Thursday, March 28, 2024
HomeNewsMore Caution Needed When Prescribing Antibiotics to Newborns

More Caution Needed When Prescribing Antibiotics to Newborns

More caution should be used in the use of antibiotics say researchers who found a decrease in healthy gut bacteria and an increase in antimicrobial resistance in babies treated with antibiotics in the first week of life.

In their study, published in Nature Communications , researchers from the Universities of Edinburgh and Birmingham, and the Spaarne Hospital and University Medical Centre Utrecht, The Netherlands analysed how antibiotics affect the gut microbiome of a newborn.

They explained how increasingly it is becoming clear how the gut microbiome influences future health and disease. For example, they said “disturbances of the gut microbial community composition after birth are associated with a broad scale of health problems in early infancy and later in life, such as infantile colic, wheezing, allergies, functional gastrointestinal disorders, obesity and generally an altered immune development.”
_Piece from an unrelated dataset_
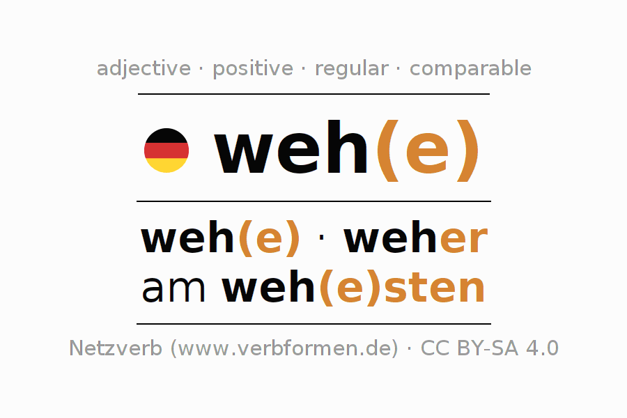 The declension of the adjective weh (painful, sore) uses these forms of the comparison weh,weher,am wehesten. The endings for the comparison in the comparative and superlative are er/esten. The adjective weh can be used both attributively in front of a noun as well as predicative in conjunction with a verb.One can not only inflect and compare weh, but all German adjectives. Comments ☆

The authors explained how under current guidelines broad-spectrum antibiotics are prescribed to up to 10% of all newborns for suspected infections, with this ‘over-prescription’ aiming to ensure early treatment for those who are ultimately found to have an infection, as any delay may quickly become life-threatening. Experts argue though that, in most cases, the antibiotics are prescribed unnecessarily, as only a small proportion of those who receive the drugs are eventually diagnosed with an infection.
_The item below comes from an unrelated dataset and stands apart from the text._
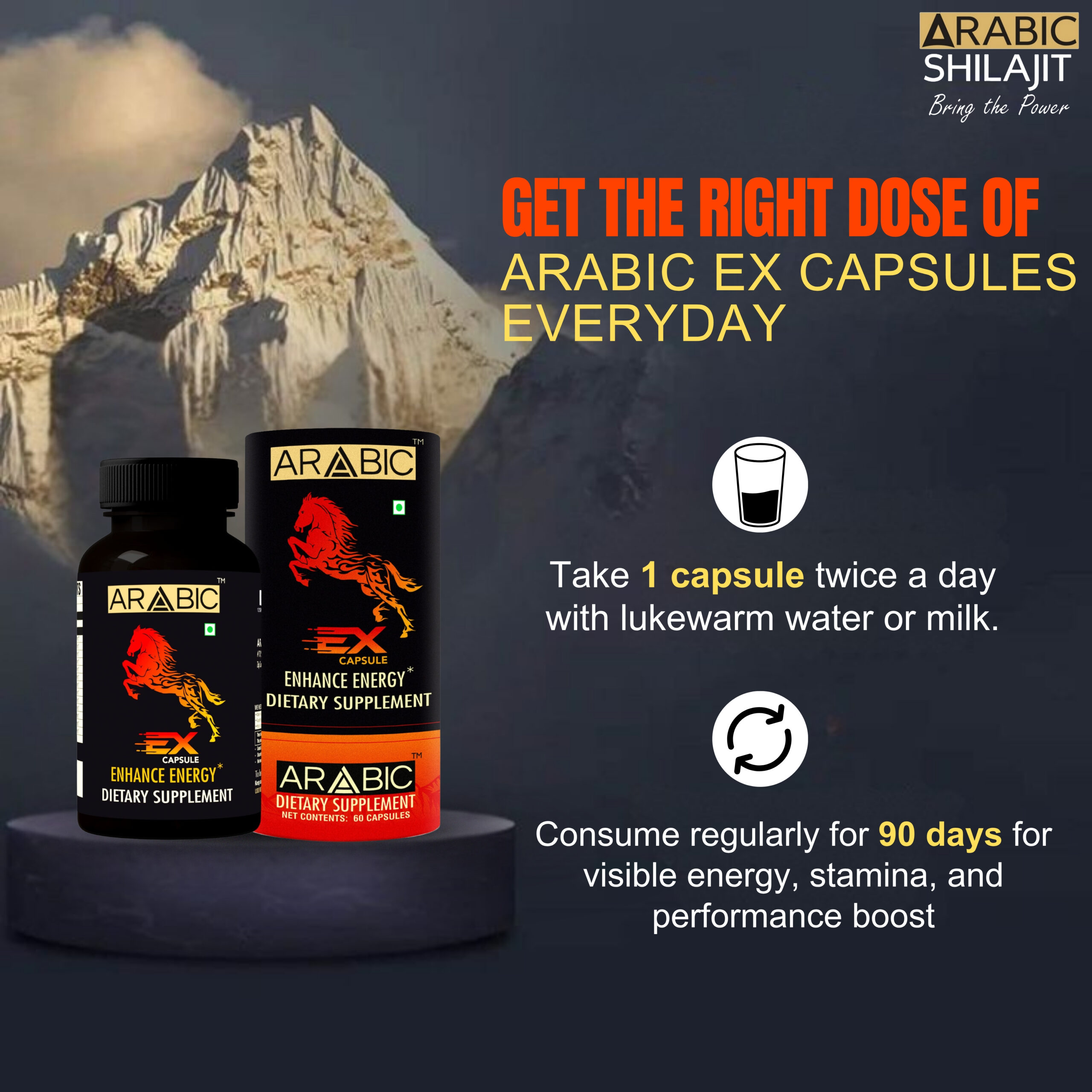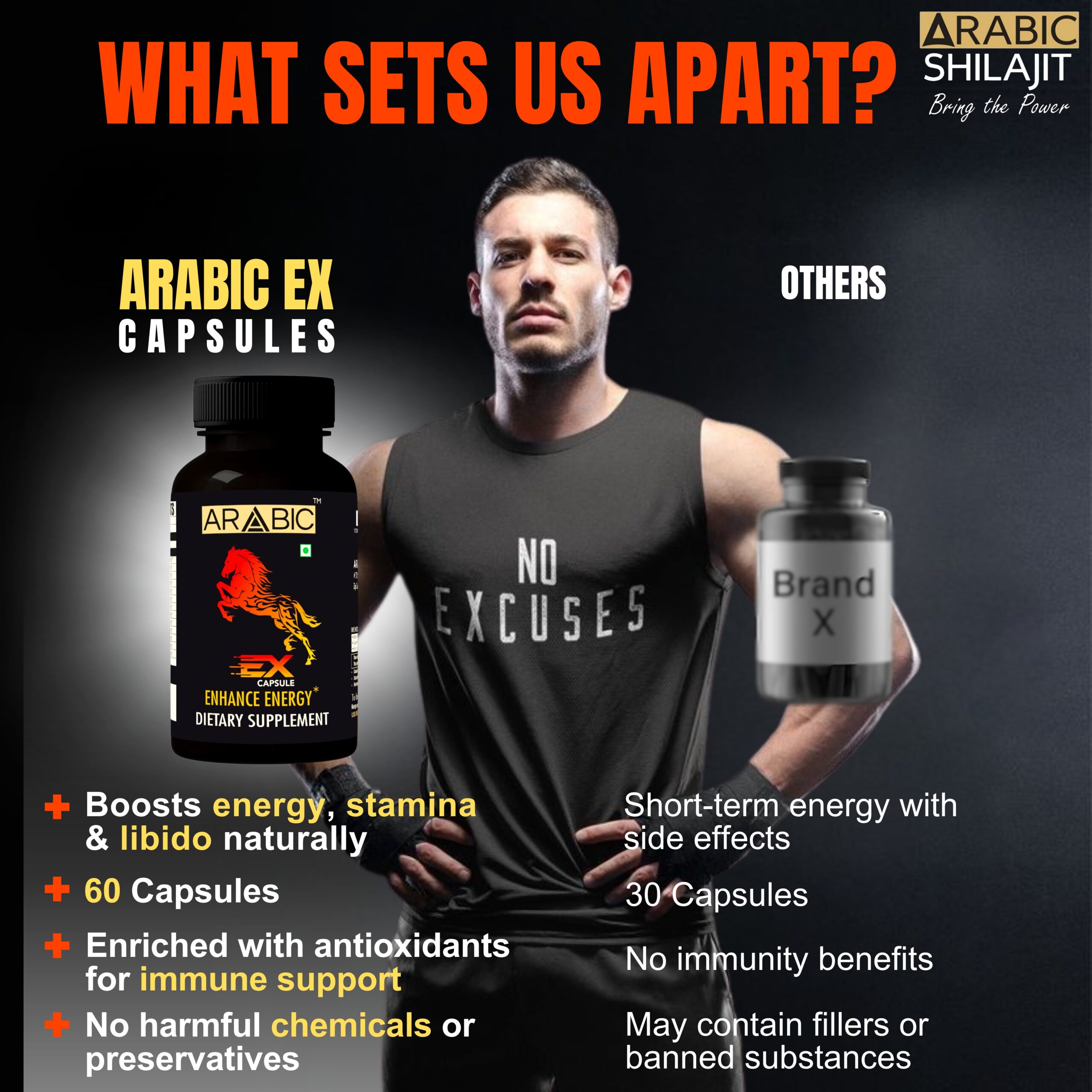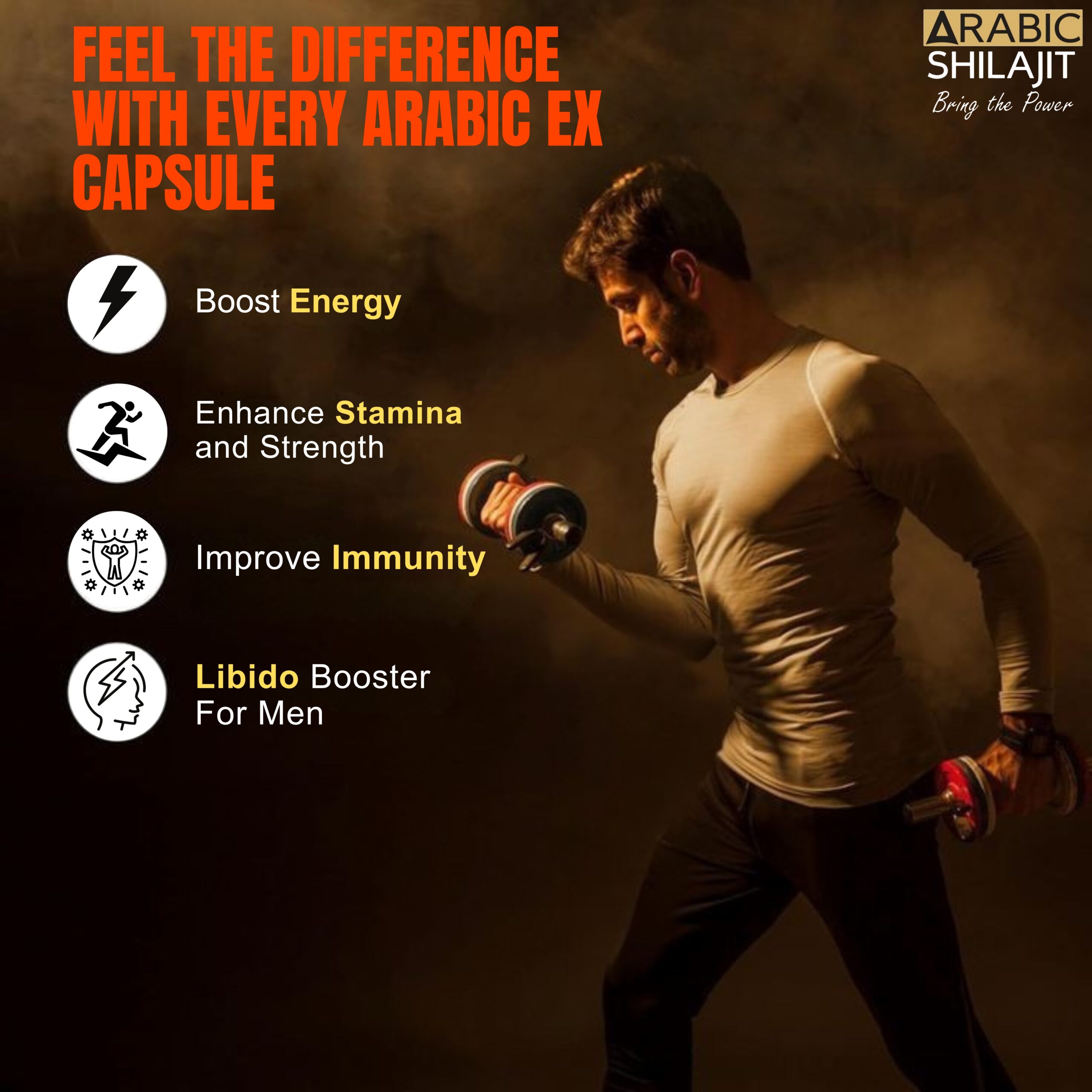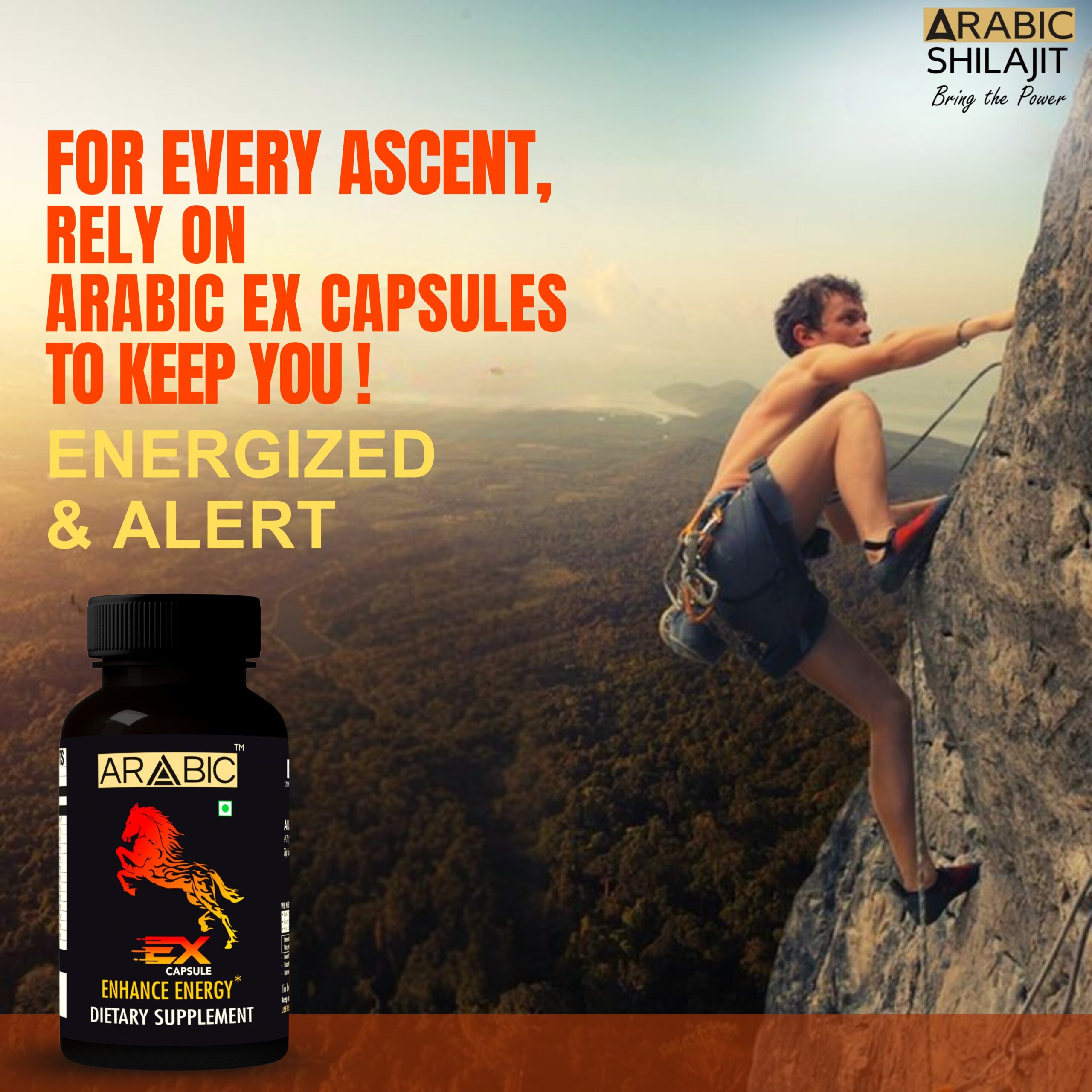 - ARABIC SHILAJIT Ex Enhance Energy Capsules are formulated to naturally boost energy, stamina, and endurance, helping you stay active and perform at your best throughout the day. The powerful blend supports physical strength and overall vitality, making it ideal for men with an active lifestyle.

Balance Shifts in Favour of More Potentially Harmful Microbes

For their study, the researchers performed a randomised controlled trial involving 227 infants. Of these, 147 infants born at or over 36 weeks of gestational age and with suspected sepsis, received one of three standard antibiotic treatments, penicillin and gentamicin, co-amoxiclav and gentamicin, or amoxicillin and cefotaxime, in their first week of life, for an average of 48 hours. The 147 participants were recruited from three different Dutch hospitals and compared with 80 age-matched term-born infants with no suspected infections, and who were not prescribed an antibiotic, recruited from a previous healthy birth cohort study conducted in two of the same hospitals.

All babies had a rectal or faecal sample taken before and after treatment, and at age 1, 4, and 12 months. The samples were analysed for the microbes that made up their newly forming microbiome and for bacterial genes related to antimicrobial resistance.

The researchers found reduced levels of different Bifidobacterium species – known to aid in the digestion of breast milk, promote gut health, and support the immune system – in those newborns prescribed antibiotics, compared with those babies who had no antibiotic treatment. In addition, levels of potentially disease-causing bacteria were increased in the group that received antibiotics, as were the number and abundance of genes related to antimicrobial resistance.

The authors commented how “a change in 251 of 695 different bacteria investigated was observed after treatment, changing the balance between good and bad bacteria in favour of more potentially harmful microbes”.

Prof Willem van Schaik, professor of Microbiology and Infection at the University of Birmingham, said: “It is particularly troubling that following antibiotic therapy in newborns we observed a strong increase in Klebsiella and Enterococcus species which are both important multidrug-resistant pathogens.”

The authors pointed out that, despite antibiotics being stopped after 48 hours, and although the changes seen in the microbiome and antimicrobial resistance genes gradually recovered over time, these changes “persisted for at least 12 months and did not improve with breastfeeding, which is known to help a baby’s immune system”.

Start Time not Duration of Antibiotics the Key

Prof Debby Bogaert, chair of Paediatric Medicine at the University of Edinburgh and study lead, expressed how they were “surprised with the magnitude and duration of the effects of broad spectrum antibiotics on the infants’ microbiome when compared to effects of those same antibiotics on adults’ microbiota”. She suggested how timing of the antibiotics may be responsible since “infants have just received their first microbes from their mother and have not yet developed a resilient microbiome”.

The combination of penicillin and gentamicin was found to have the least detrimental effect on a baby’s gut microbiome and the number of antimicrobial resistance genes that emerge, such that the researchers suggested that when treating suspected infections in newborns, it is this combination of antibiotics that should be preferred.

Dr Marlies van Houten, general paediatrician at the Spaarne Hospital, the Netherlands, and co-principal investigator of the study, added: “The fact that start of antibiotic treatment rather than duration seems to be responsible for the damage to the microbiome underlines we need better biomarkers or biological predictors to more accurately determine which infant will develop an infection and thus require antibiotics, and which will not.”

Prof Willem van Schaik said: “This underlines the importance of further studies into balancing the need and effectiveness of these antibiotics and the risk of the emergence of genes linked with resistance.” He added how “there may also be scope to develop new interventions, like live biotherapeutics, to effectively restore the composition of the infant gut microbiome after antibiotic therapy”.